Friday, June 17, 2005

Creative ways to fund more police

Virginia Postrel, one of my favorite writers and bloggers, has an interesting column in the New York Times yesterday about studies definitely showing that increasing police presence reduces crime in a cost effective way (her blog post, study from Alex Tabarrok at the great economics blog Marginal Revolution). She points out that previous studies always ran into the cause and effect problem: higher crime cities hire more officers, so the linkage was uncertain. But these studies looked at DC during high terrorism alert situations, when there were extra officers on the street regardless of the crime rate. Not only did crime drop, but it was a big payoff:

But so far, the case for adding more police officers is strong. Using generally accepted cost estimates, Professor Tabarrok said, every $1 to add officers would reduce the costs of crime by $4. The authors did not identify a point of diminishing returns.

"We estimate that if we had a 10 percent increase in police, crime would go down by about 4 percent," he said, adding that researchers taking other approaches have come up with similar numbers. Nationally, he said, "that means about 700,000 fewer property crimes and 213,000 fewer violent crimes."

As a back-of-the-envelope calculation, Professor Klick offered an even more striking suggestion. "It wouldn't be unreasonable," he said, "based on our estimates and based on conservative estimates of the costs of crime, to say it would be cost-effective to actually double the number of people working in police forces, which is pretty amazing."

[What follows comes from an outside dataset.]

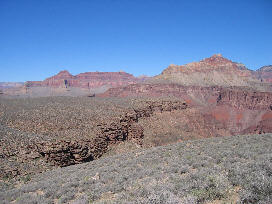 Unsere Wanderung fuehrte auf dem South Kaibab Trail 1.300 Hoehenmeter hinab, einige Kilometer auf dem Tonto Trail nach Westen und – am selben Tag – den Bright Angel Trail (mit

So here's the next step I'm wondering about: find out the insurance costs of those crimes (property and health insurance), and maybe there's a way private insurers might share the cost of extra police officers if it pays off for them? A voluntary program might be set up, or there might need to be a tax on insurance that goes to police - as long as the numbers show insurance rates should end up dropping more than the tax amount, so it's a net plus.

Unfortunately, I doubt it's that easy. If I had to guess, most victims of these crimes are low-income and uninsured. Alternately, there might be enough reduced costs in county emergency rooms to come up with extra funding for police. Regardless, it looks like it's well worth a study. Sounds like a great opportunity for a local economics professor to make a name for him or herself. Any volunteers?

1 Comments:

At 6:34 AM, June 20, 2005, Anonymous Anonymous said...

As I suggested in the NYT's column, we'd be happy to redo the study for any city willing to share its daily crime data (by type of crime and by area of the city) and that's willing to tell us how it changes its officer deployment when the terror alert level changes. Houston's police may be more/less effective than DC's police.